▸ SUPPLIED INFORMATION
•••••

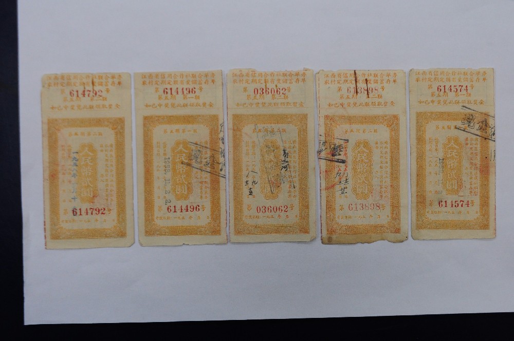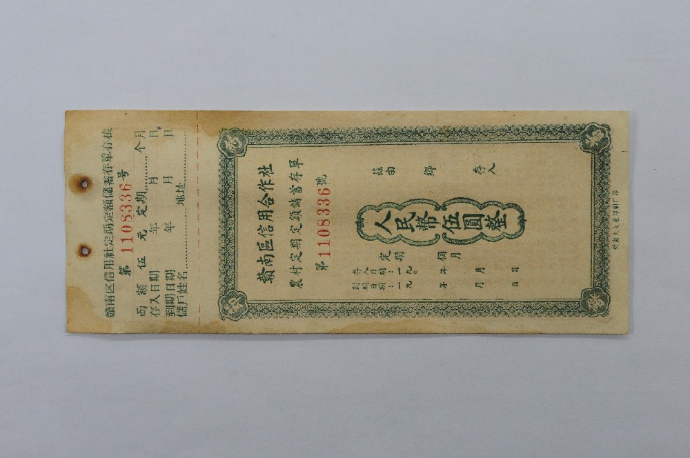 20世紀50年(nián)代贛南(nán)區(qū)信用(yòng)合作(zuò)社農(nóng)§'↔↔村(cūn)定期定額儲蓄伍圓存單
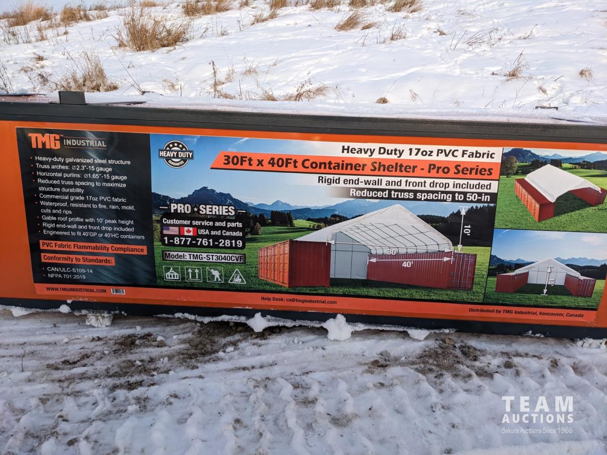 1219 TMG Industrial ST3041CV 30 Ft X 40 Ft Container Shelter w/ Endwall (Unused)
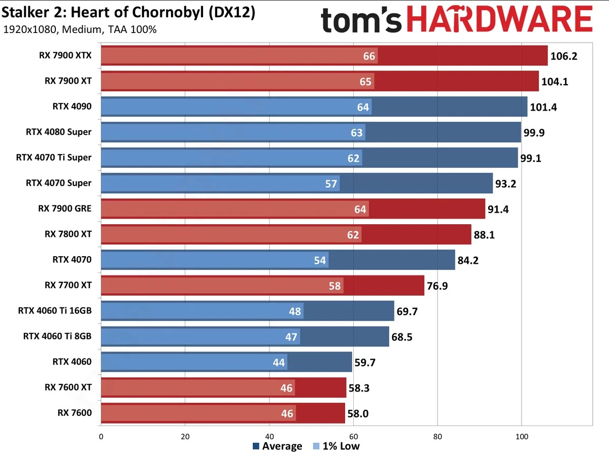 Выяснилось, что S.T.A.L.K.E.R. 2: Heart of Chornobyl чрезвычайно требовательна к железу. Вам потребуется действительно мощный процессор и прокачанная видеокарта, ну а мы изучим тестирование, проведённое командой Tom's Hardware. Доступны результаты во всех основных разрешениях дисплея, найти которые вы можете выше и ниже. Прежде всего хотим расстроить владельцев GeForce RTX 4060 и Radeon RX 7600. Средний фрамрейт на таких видеокартах приближается к 60 fps, но просадки способны приводить к неприятным визуальным эффектам. Количество кадров в секунду в таких случаях падает до 45, ну а это не совсем то, что ожидают владельцы видеокарт за 35 тысяч рублей. Следует учитывать, что первоначально тесты запускались на средних настройках графики, тогда как на макисималках результат оказался гораздо печальнее.
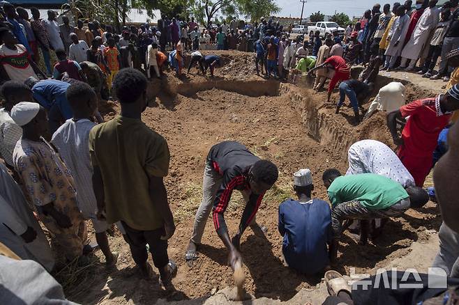 [카노=AP/뉴시스] 16일(현지시각) 나이지리아 지가와주 마지야 마을 주민들이 유조차 폭발 사고 희생자들의 시신을 집단 매장하고 있다. 현지 경찰은 앞서 이 마을에서 전복한 유조차에 주민들이 몰려들어 기름을 퍼내려다가 유조차가 폭발하면서 100명 이상이 숨지고 50명이 다쳤다고 전했다. 2024.10.17.

•••••

An exact repeat of all the data is required, pictures excluded.

▸ RESULT BELOW
 20世紀50年(nián)代贛南(nán)區(qū)信用(yòng)合作(zuò)社農(nóng)§'↔↔村(cūn)定期定額儲蓄伍圓存單
 1219 TMG Industrial ST3041CV 30 Ft X 40 Ft Container Shelter w/ Endwall (Unused)
 Выяснилось, что S.T.A.L.K.E.R. 2: Heart of Chornobyl чрезвычайно требовательна к железу. Вам потребуется действительно мощный процессор и прокачанная видеокарта, ну а мы изучим тестирование, проведённое командой Tom's Hardware. Доступны результаты во всех основных разрешениях дисплея, найти которые вы можете выше и ниже. Прежде всего хотим расстроить владельцев GeForce RTX 4060 и Radeon RX 7600. Средний фрамрейт на таких видеокартах приближается к 60 fps, но просадки способны приводить к неприятным визуальным эффектам. Количество кадров в секунду в таких случаях падает до 45, ну а это не совсем то, что ожидают владельцы видеокарт за 35 тысяч рублей. Следует учитывать, что первоначально тесты запускались на средних настройках графики, тогда как на макисималках результат оказался гораздо печальнее.
 [카노=AP/뉴시스] 16일(현지시각) 나이지리아 지가와주 마지야 마을 주민들이 유조차 폭발 사고 희생자들의 시신을 집단 매장하고 있다. 현지 경찰은 앞서 이 마을에서 전복한 유조차에 주민들이 몰려들어 기름을 퍼내려다가 유조차가 폭발하면서 100명 이상이 숨지고 50명이 다쳤다고 전했다. 2024.10.17.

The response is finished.